How do you fight an invisible danger?

In our ongoing series of conversations about Urban Bioterrorism, — we have been struck by several recent realities that confirm our policy of policing the Homeland is wide open to creative and pernicious exploitation of our febrile border defenses.

Our current policy for fighting terrorism on American soil isn’t working. We seek to only deter and then punish the body.

We log citizens and their behaviors while completely ignoring the reality that the most dangerous threats to health, freedom and liberty are microscopic and undetectable — and those dangers live inside people instead of being carried by people as recognizable weapons of mass destruction.

Last week the Associated Press reported in a prescient article titled — Superbugs Emerge Among Urban Poor — that a drug-resistant staph infection is spreading in the Chicago urban core.

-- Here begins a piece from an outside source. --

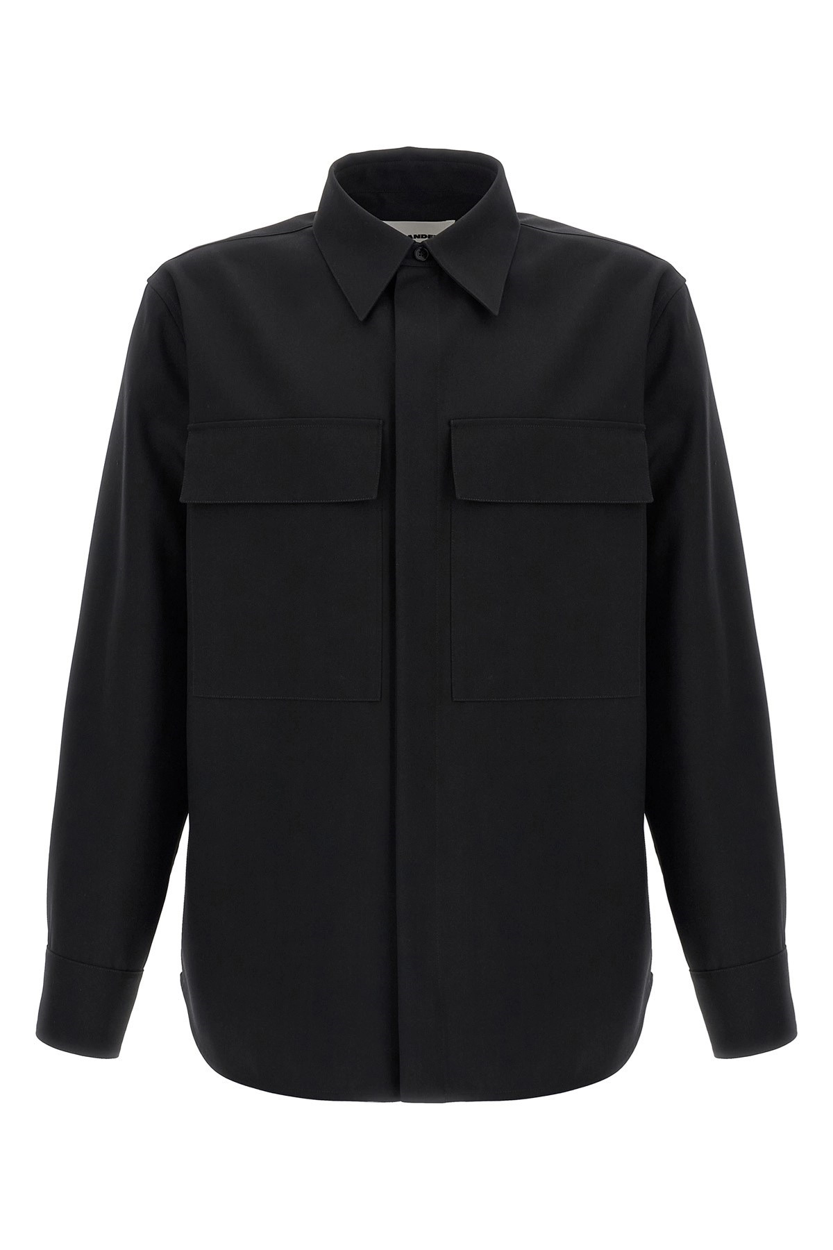cod. J23DL0104J40159001 '08' wool shirt with front button closure, pockets, long cuffed sleeves. Color: Black Size & Fit: true to size fit - COLLAR size Composition: 100% wool Made in: Italy

Infections are up seven-fold because of crowded living conditions in public housing and in prisons and because big cities create close person-to-person contact that allows easy propagation of disease:

The superbugs, first seen mainly in hospitals and nursing homes, have turned up recently among athletes, prisoners and people who get illegal tattoos. Called methicillin-resistant staphylococcus aureus, or MRSA, these staph germs can cause skin infections that in rare cases have led to pneumonia, bloodstream infections and a painful, flesh-destroying condition. MRSA is hard to treat because the bacteria have developed resistance to the penicillin drug family.From 2000 to 2005, the infection rate seen in patients seeking care at Chicago’s main public hospital and its affiliated clinics climbed from 24 cases per 100,000 to 164 cases per 100,000, the study found.

This week we were reminded of the biotoxin terror living among many of us: Pernicious Tuberculosis. “TB Andy” is the new “Typhoid Mary” and we slowly realize our shared memory as a cogent nation has gone dormant and forgetful.

We must remember the greatest way to defeat a nation is to threaten the Public Health of its citizens. Remember one of the most effective battlefield tactics is to severely wound your opponent instead of killing them because wounded soldiers need attention and care and they drain the economic system in their homeland for the rest of their incapacitated lives.

Governments can warn, punish, detain and incarcerate carriers of infectious diseases — but how does one detect an imminent and obvious danger without becoming a paranoid Carceral Nation?

Do we require medical exams before passengers are allowed international travel on an airplane? Do we do blood tests at the security gate?

How could we ever prevent a determined Bioterror attack if terrorists provided 100 disease carriers and placed all of them on different flights into the USA to spread disease and fear over a prolonged period of time? How long is the incubation process? How long would it take the CDC to discover the terroristic scourge? What if only the terrorists had the antidote — would we pay the terrorists to heal an endangered nation? We still haven’t figured out the cause of The Smell in New York City. Was it a test pattern for a future evil effort?

Tuberculosis is a longtime enemy of healthy people and it lives and thrives in the urban core where people do not seek — and are not regularly offered — routine healthcare checkups. Tuberculosis might just be the perfect Bioterror weapon transmission method because of its long history in humankind and in its commonality among carriers.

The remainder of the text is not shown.